I have a Samsung Galaxy S2 Skyrocket with Android 4.1.2. Yesterday as part of an update or something it completely reinstalled my OS, deleting all my contacts, messages, etc. However, when I started to reinstall my apps it tells me that it has Insufficient Storage Available and and when I go to the Device Memory it says that the Total Space is 1.97Gb, the Applications is 124Mb, and the Available Space is 130Mb. Both the internal and the external SD cards have around 6Gb+ of free space, so how can I free up more of the Device Memory? It has only one aftermarket app, otherwise it's a fresh install. 

Thanks,
FSG


----------



## Masterchiefxx17 (Feb 27, 2010)

*Re: Device Memory Full*

Upgrades of Android do not reinstall the entire OS. Something must have went wrong.

Since the phone was reinstalled I would try to do a factory reset again to see if that fixes the issue/


----------



## Flight Sim Guy (Dec 19, 2011)

I didn't think so. But whatever it was completely reinstalled it just like it was new.

How do you do a reset?


----------



## Masterchiefxx17 (Feb 27, 2010)

*Re: Device Memory Full*

Samsung Galaxy S2 — Performing a hard reset — Android Forum - AndroidPIT


----------



## Flight Sim Guy (Dec 19, 2011)

*Re: Device Memory Full*

Well, that worked. Thanks a bazillion, man. :thanx:


----------



## Masterchiefxx17 (Feb 27, 2010)

Any time. Something must have went wrong in the update.


----------



## Flight Sim Guy (Dec 19, 2011)

Must have.

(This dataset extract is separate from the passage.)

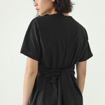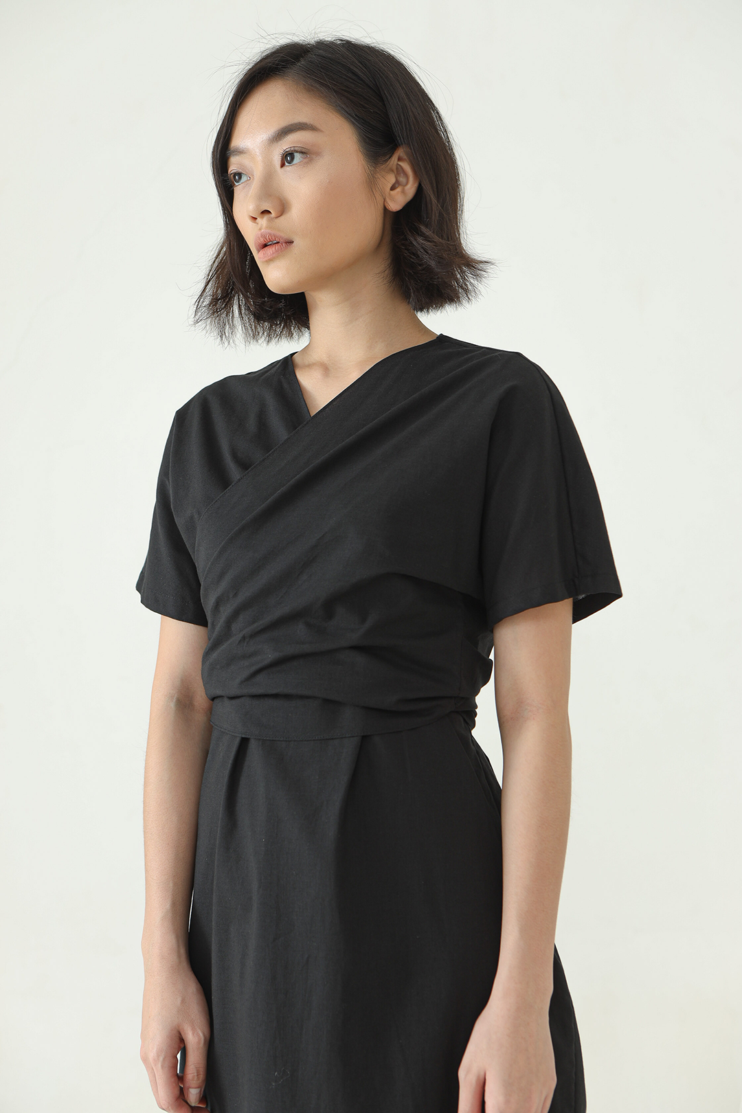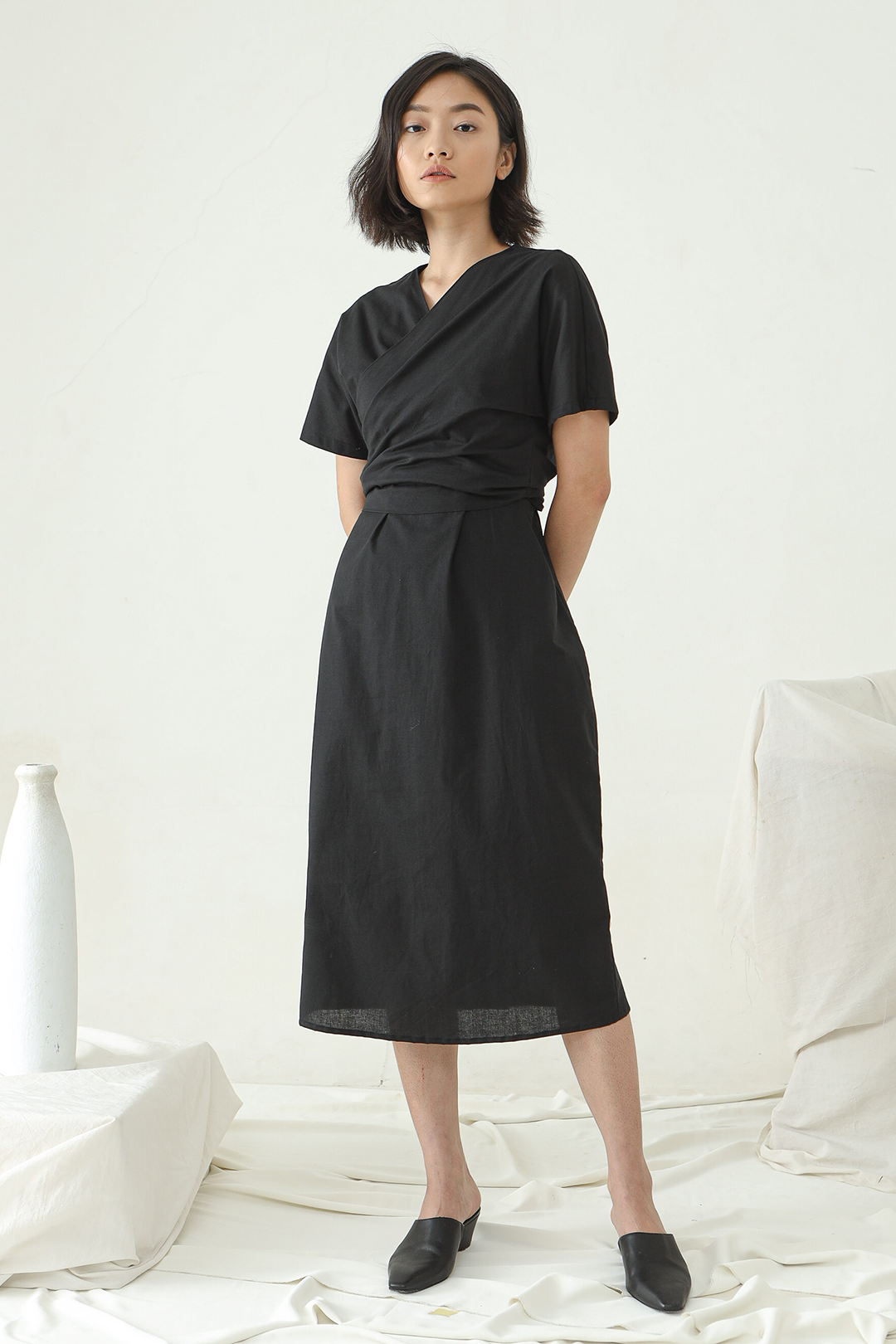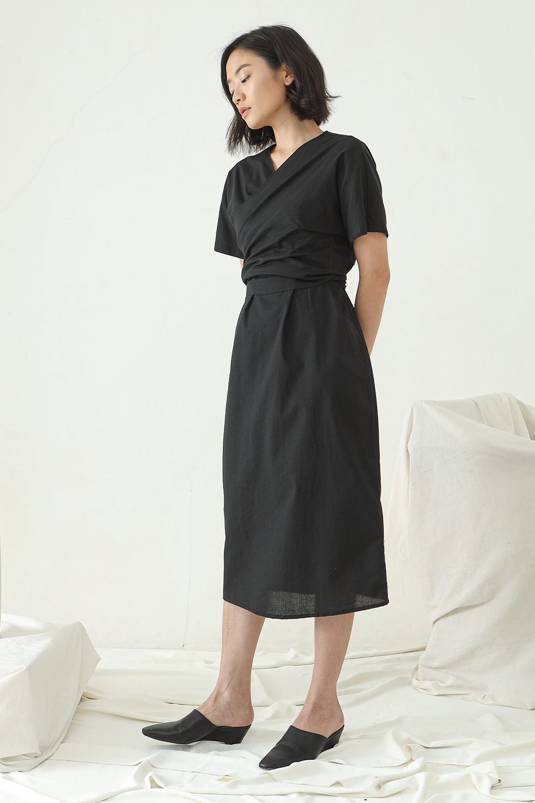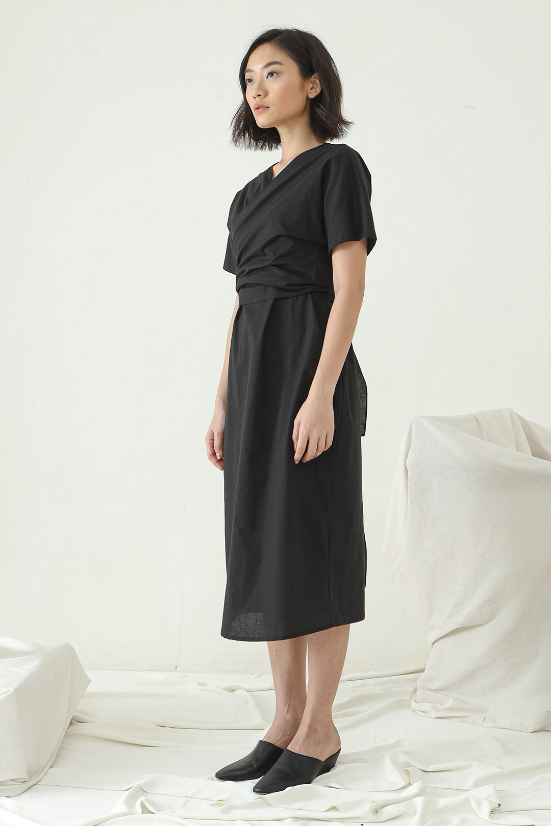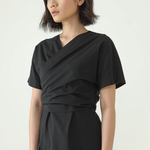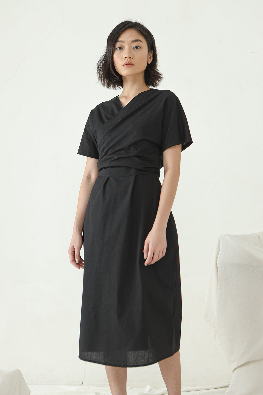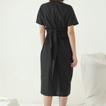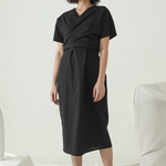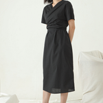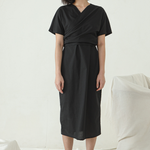 Mid length Wrap dress with V neckline and short sleeves.

The guy at AT&T had me move all my pics, docs, etc. from the internal SD to the external, but the memory was the problem, not the storage.

On a scale of 1 to 10 how stupid should I feel for not thinking of a reset? :rofl:


----------



## joeten (Dec 4, 2008)

We cannot help with self deprecation:devil:
:facepalm::facepalm::facepalm::thumb:


----------



## Flight Sim Guy (Dec 19, 2011)

Haha! That's too bad. :lol:


----------



## joeten (Dec 4, 2008)

Yup you need a password for it and you know the rules about help with that lol


----------



## Flight Sim Guy (Dec 19, 2011)

:rofl:


----------